Start of INPUT FOR THIS TASK
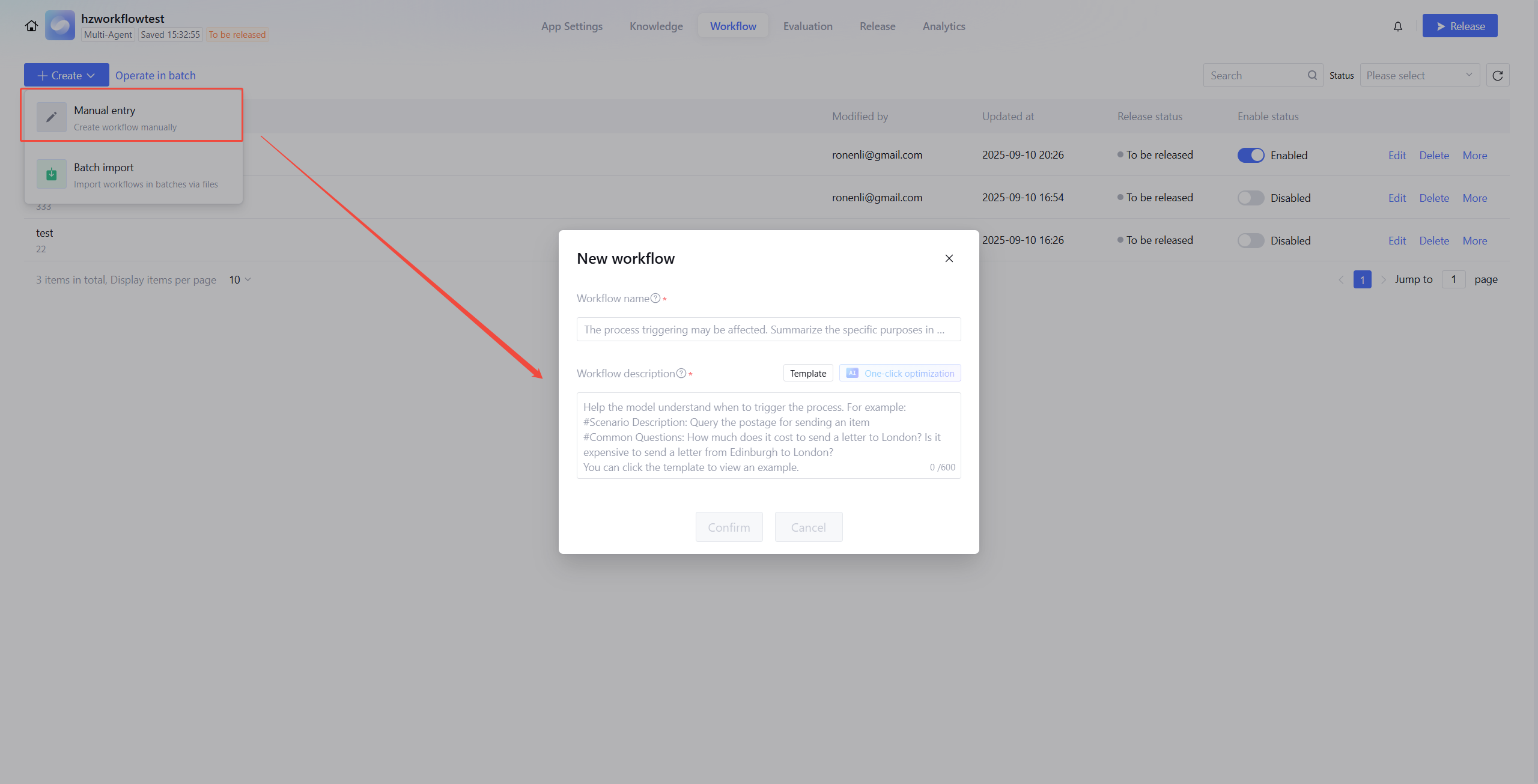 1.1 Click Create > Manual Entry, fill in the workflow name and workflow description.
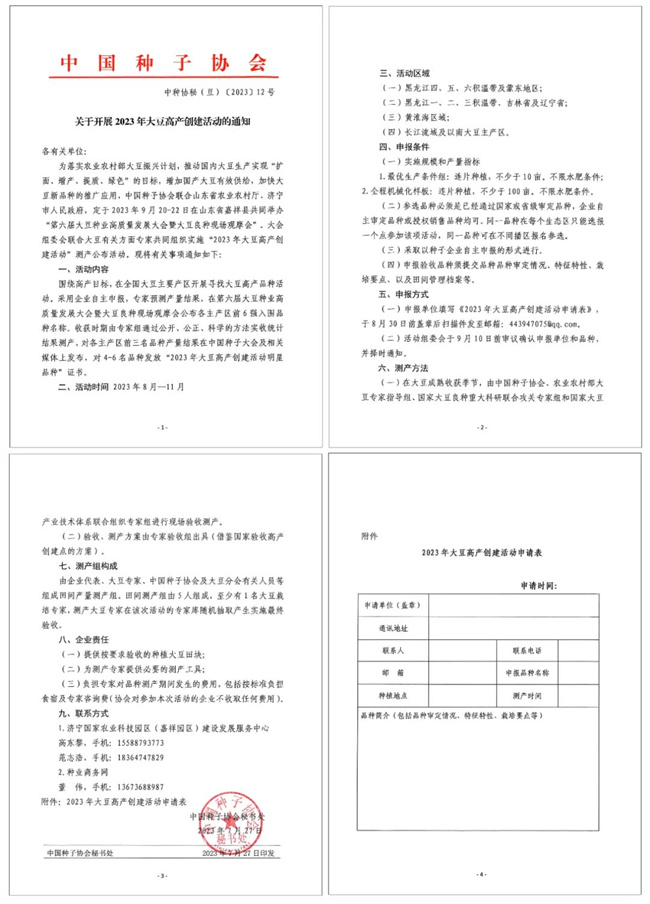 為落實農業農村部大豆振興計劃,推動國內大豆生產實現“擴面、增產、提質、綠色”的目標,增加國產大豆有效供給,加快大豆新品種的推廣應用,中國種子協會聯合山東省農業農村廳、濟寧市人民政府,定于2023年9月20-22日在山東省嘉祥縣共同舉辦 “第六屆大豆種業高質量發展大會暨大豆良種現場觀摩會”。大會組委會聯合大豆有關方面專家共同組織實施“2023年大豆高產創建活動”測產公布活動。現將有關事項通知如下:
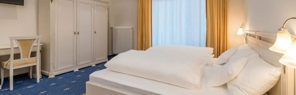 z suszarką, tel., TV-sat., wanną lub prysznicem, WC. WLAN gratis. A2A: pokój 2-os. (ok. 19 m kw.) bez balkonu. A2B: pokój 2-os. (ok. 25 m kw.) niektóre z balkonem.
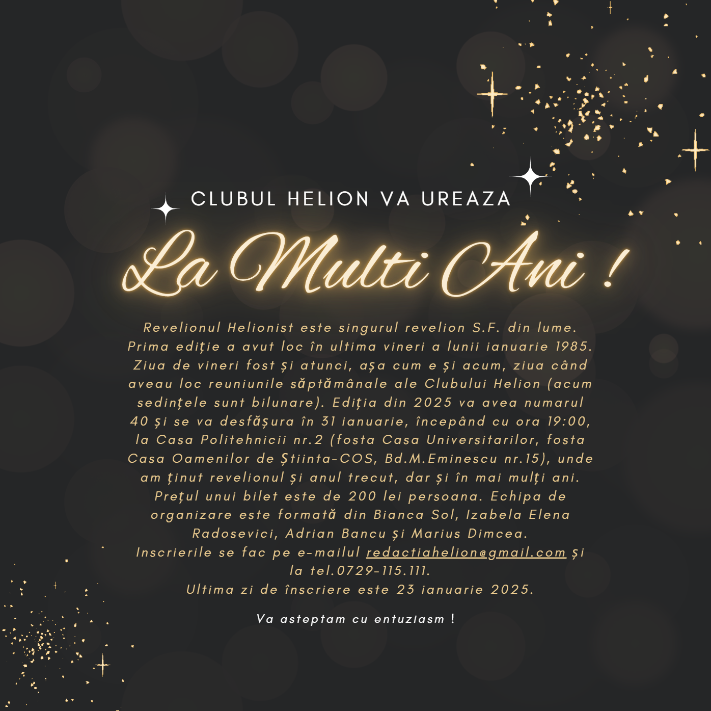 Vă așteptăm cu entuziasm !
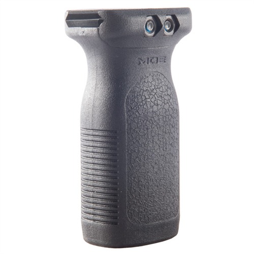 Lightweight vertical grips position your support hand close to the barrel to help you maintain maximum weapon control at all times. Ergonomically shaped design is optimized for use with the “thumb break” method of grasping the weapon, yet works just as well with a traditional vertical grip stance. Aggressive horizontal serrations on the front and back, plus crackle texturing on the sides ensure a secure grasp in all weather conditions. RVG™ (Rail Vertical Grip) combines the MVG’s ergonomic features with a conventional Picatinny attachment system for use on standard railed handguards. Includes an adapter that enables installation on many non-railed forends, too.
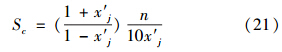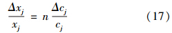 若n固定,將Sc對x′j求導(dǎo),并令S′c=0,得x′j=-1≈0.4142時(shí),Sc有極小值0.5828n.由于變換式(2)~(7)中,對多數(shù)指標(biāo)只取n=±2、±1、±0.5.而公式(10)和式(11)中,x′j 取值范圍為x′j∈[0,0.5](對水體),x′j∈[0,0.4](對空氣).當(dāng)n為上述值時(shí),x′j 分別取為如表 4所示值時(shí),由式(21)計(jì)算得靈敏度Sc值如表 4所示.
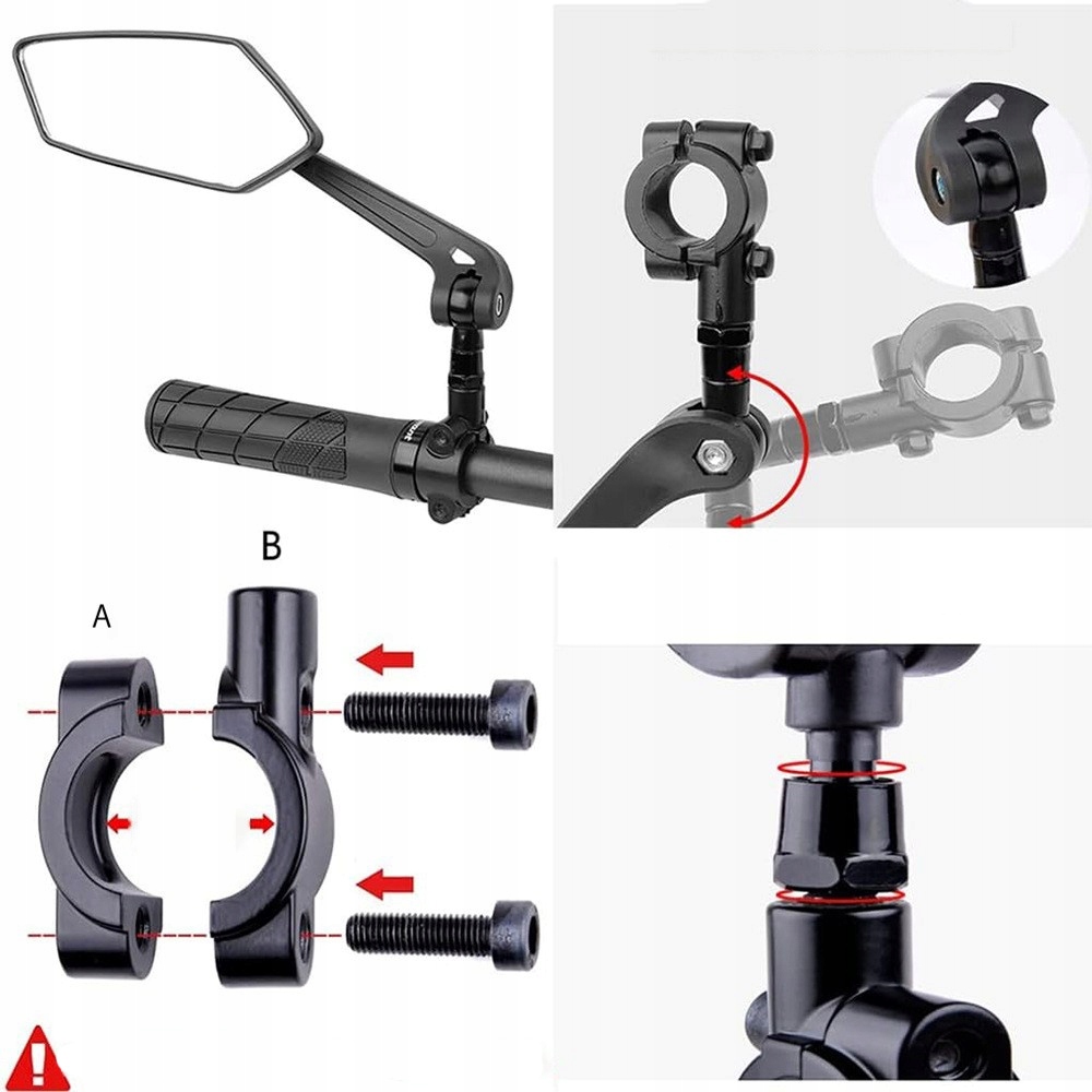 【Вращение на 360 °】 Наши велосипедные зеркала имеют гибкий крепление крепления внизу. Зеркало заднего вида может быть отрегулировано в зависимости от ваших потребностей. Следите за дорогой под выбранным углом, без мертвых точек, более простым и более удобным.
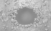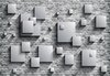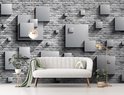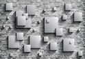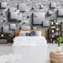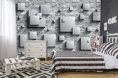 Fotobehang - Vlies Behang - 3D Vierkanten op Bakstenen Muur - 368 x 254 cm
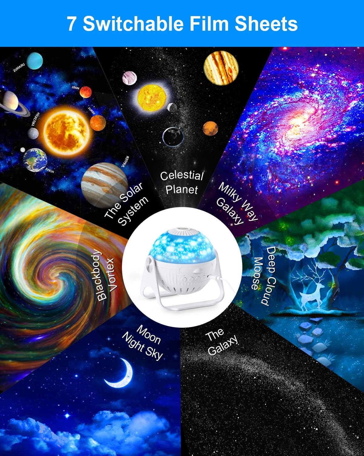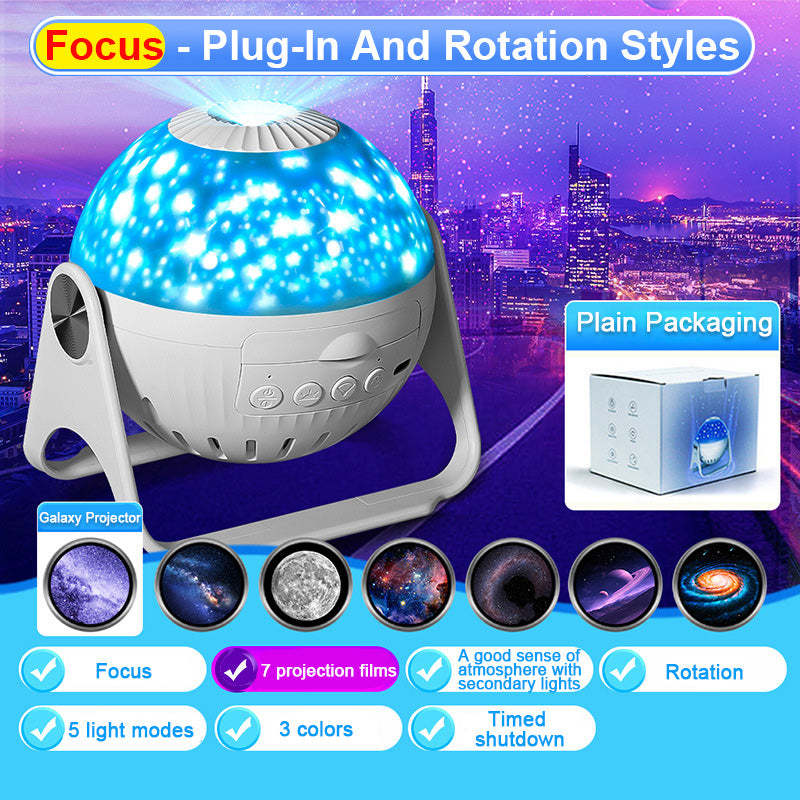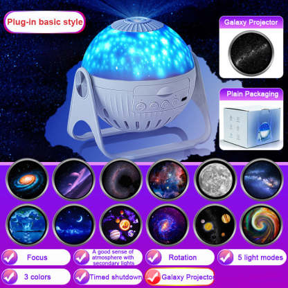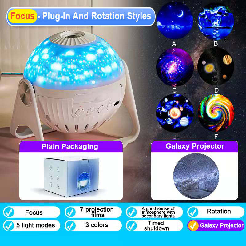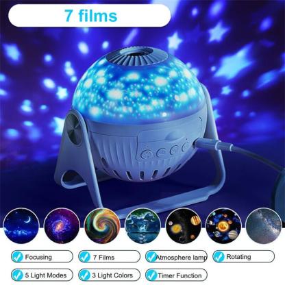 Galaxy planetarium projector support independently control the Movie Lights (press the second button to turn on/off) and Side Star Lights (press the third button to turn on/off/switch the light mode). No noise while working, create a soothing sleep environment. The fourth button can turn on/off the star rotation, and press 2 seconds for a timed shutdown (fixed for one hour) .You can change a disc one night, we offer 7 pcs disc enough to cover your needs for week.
End of INPUT FOR THIS TASK
PROBLEM STATEMENT> A verbatim copy of the records is expected, from their first line through the line with "Vă așteptăm cu entuziasm !", inclusive, with the pictures removed.

RESULT FOR THIS TASK>
 1.1 Click Create > Manual Entry, fill in the workflow name and workflow description.
 為落實農業農村部大豆振興計劃,推動國內大豆生產實現“擴面、增產、提質、綠色”的目標,增加國產大豆有效供給,加快大豆新品種的推廣應用,中國種子協會聯合山東省農業農村廳、濟寧市人民政府,定于2023年9月20-22日在山東省嘉祥縣共同舉辦 “第六屆大豆種業高質量發展大會暨大豆良種現場觀摩會”。大會組委會聯合大豆有關方面專家共同組織實施“2023年大豆高產創建活動”測產公布活動。現將有關事項通知如下:
 z suszarką, tel., TV-sat., wanną lub prysznicem, WC. WLAN gratis. A2A: pokój 2-os. (ok. 19 m kw.) bez balkonu. A2B: pokój 2-os. (ok. 25 m kw.) niektóre z balkonem.
 Vă așteptăm cu entuziasm !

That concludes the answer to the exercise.